Watch the video about the SPP here.
Vulnerable communities are already feeling the difference: steadier access to water, lower costs, reduced exposure to wartime disruptions, and new jobs in the renewable energy sector. This is what a just transition looks like in practice.
What Communities Can Do Right Now
Donor funding and government programs tend to move fast — and the communities best positioned to benefit are those that have already done their homework. Here’s where to start:
1) Map your consumption. Understand how much electricity your water supply facilities and other critical infrastructure actually use.
2) Establish your priorities. Which systems need to stay on during an outage, no matter what? What’s the minimum capacity required to keep them running?
3) Build a technical baseline. Pull together the key facts: site data, available rooftop or land area, grid connection options, any protected zone restrictions, existing backup power, and the staff responsible for operations.
4) Run preliminary feasibility calculations. Get a handle on the capacity you need, what it will cost, and what you stand to save. Ecoclub offers an online course on preparing pre-feasibility studies to help communities through this process — learn more here.
How Ecoclub Works with Communities
Project sites are selected through open calls or targeted processes, depending on what donors require. A range of factors shapes which communities are chosen: distance from the front line, population size, technical readiness, and donor criteria. Willingness to engage matters too — the ability to provide technical data promptly, facilitate site access, and commit to long-term operation of the equipment. Not all of these factors are within a municipality’s control. But starting to understand the local situation and run the numbers is something any municipality can do today.

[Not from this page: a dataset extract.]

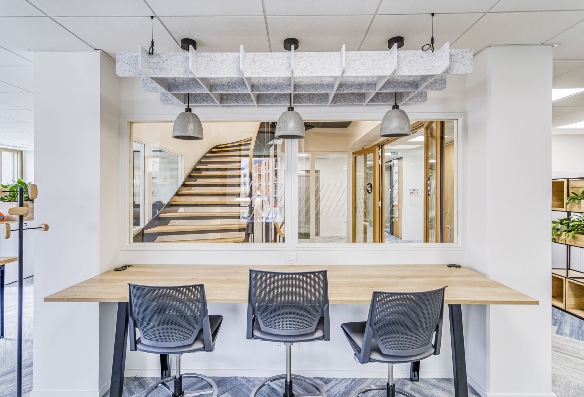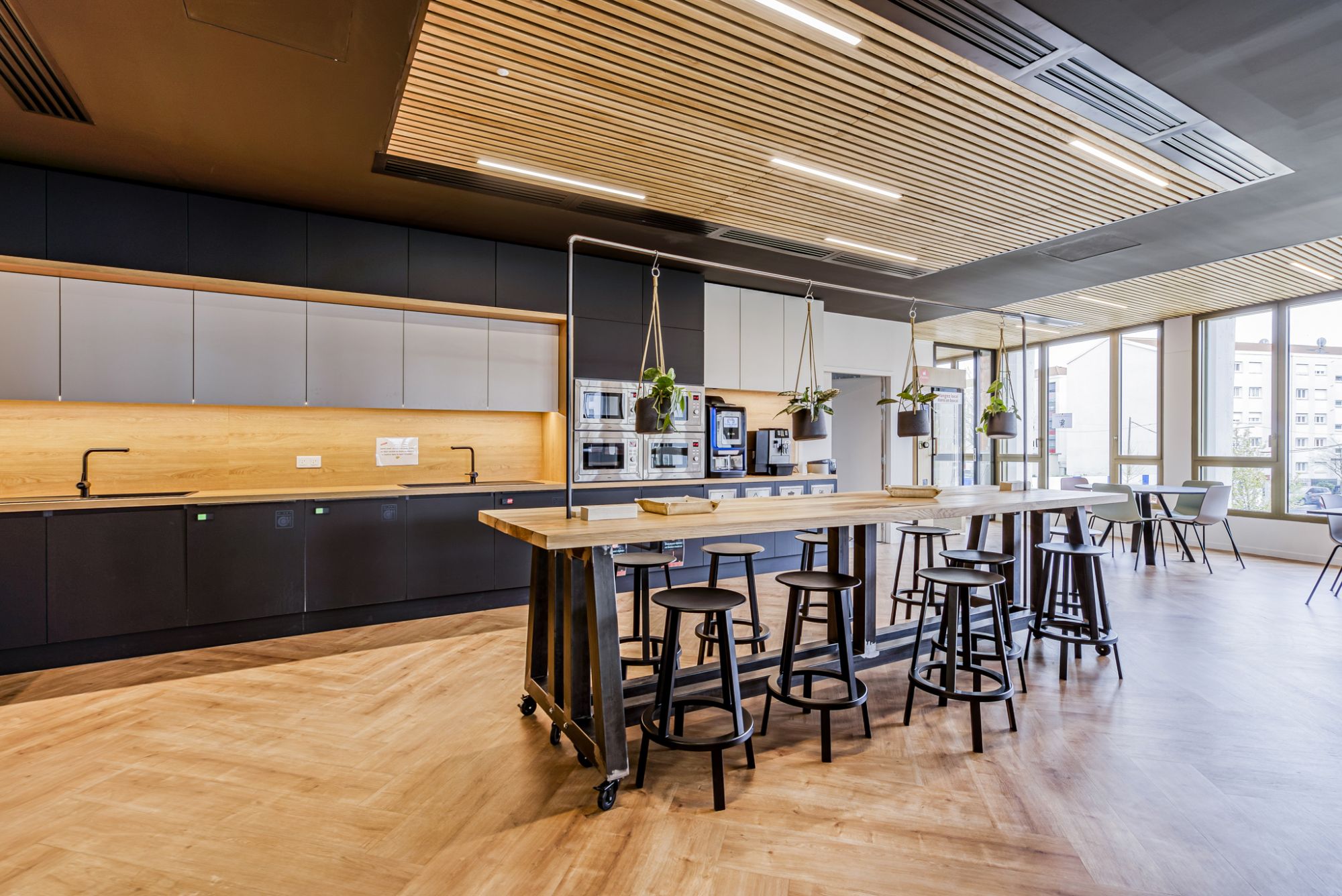 Dans une architecture de béton élégante et contemporaine conçue par le cabinet Z Architecture, ce projet porte sur 5 000 m², dont 2 500 m² pour le siège, aménagé par nos équipes lyonnaises. Une conception au service des nouvelles pratiques collaboratives et de la qualité de vie au travail.

More on our approach to working with municipalities — in podcast here.
One example of this kind of support is our partnership with the Czech humanitarian organization People in Need. The project “Support for Winter Preparedness and Renewable Energy at the Local Level in Ukraine” is funded by the European Union.
The goal is to help war-affected regions restore and strengthen facilities that people depend on — boiler houses, hospitals, and other essential services — by deploying modern renewable energy solutions, so that communities have heat and light even in the hardest conditions.

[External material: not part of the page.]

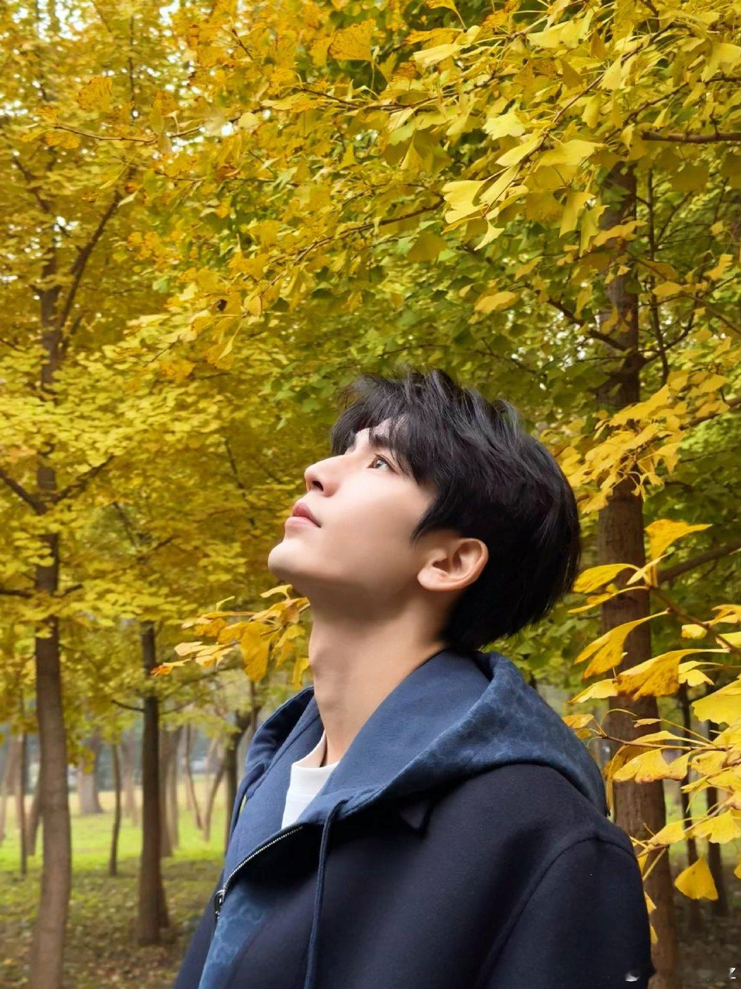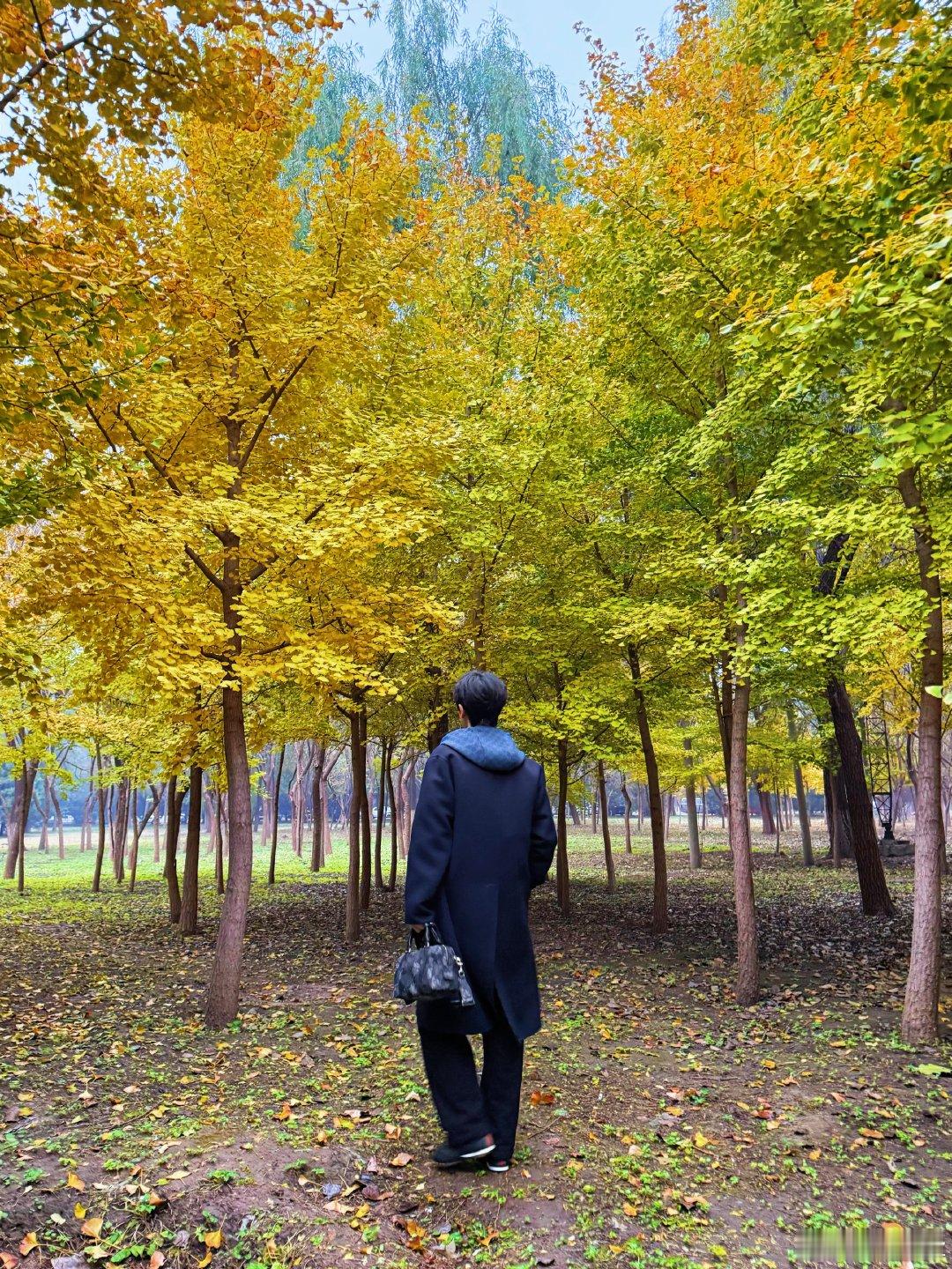 张凌赫秋日银杏随拍来啦这是哪里来的青春男大呀,黑色大衣叠穿造型一整个拿捏住了秋日时尚穿搭想和 一起去赏秋

As part of this project, Ecoclub is supporting the preparation of 15 Detailed Design and Cost Documentation packages (DDCD) covering:
- solar power plants (SPPs);
- energy efficiency upgrades in municipal facilities.

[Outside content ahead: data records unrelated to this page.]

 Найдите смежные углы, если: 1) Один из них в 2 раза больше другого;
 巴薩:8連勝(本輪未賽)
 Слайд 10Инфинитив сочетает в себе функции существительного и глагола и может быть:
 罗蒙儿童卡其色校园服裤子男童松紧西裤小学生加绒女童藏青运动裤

The project helps communities access clean, dependable energy while reducing risks to public health and safety. It lays the technical groundwork for moving away from fossil fuels in a way that doesn’t place the financial burden on local residents.
Conclusion
A just energy transition is about phasing out fossil fuels while making sure people retain access to essential services throughout that process. Critical infrastructure, and water utilities in particular, sits at the center of that challenge: these are the systems that directly determine whether communities stay safe and functional.
Solar energy deployments at these facilities demonstrate that the same solution can be environmentally sound, financially viable, and immediately beneficial to the communities it serves. They build operational resilience, reduce exposure to grid instability, and create the conditions for lasting energy transformation.
The task now is to move beyond individual projects and scale what is already working. With the right combination of technical preparation, community readiness, and coordinated support from government and donors, renewable energy can become a cornerstone of Ukraine’s recovery — and its future.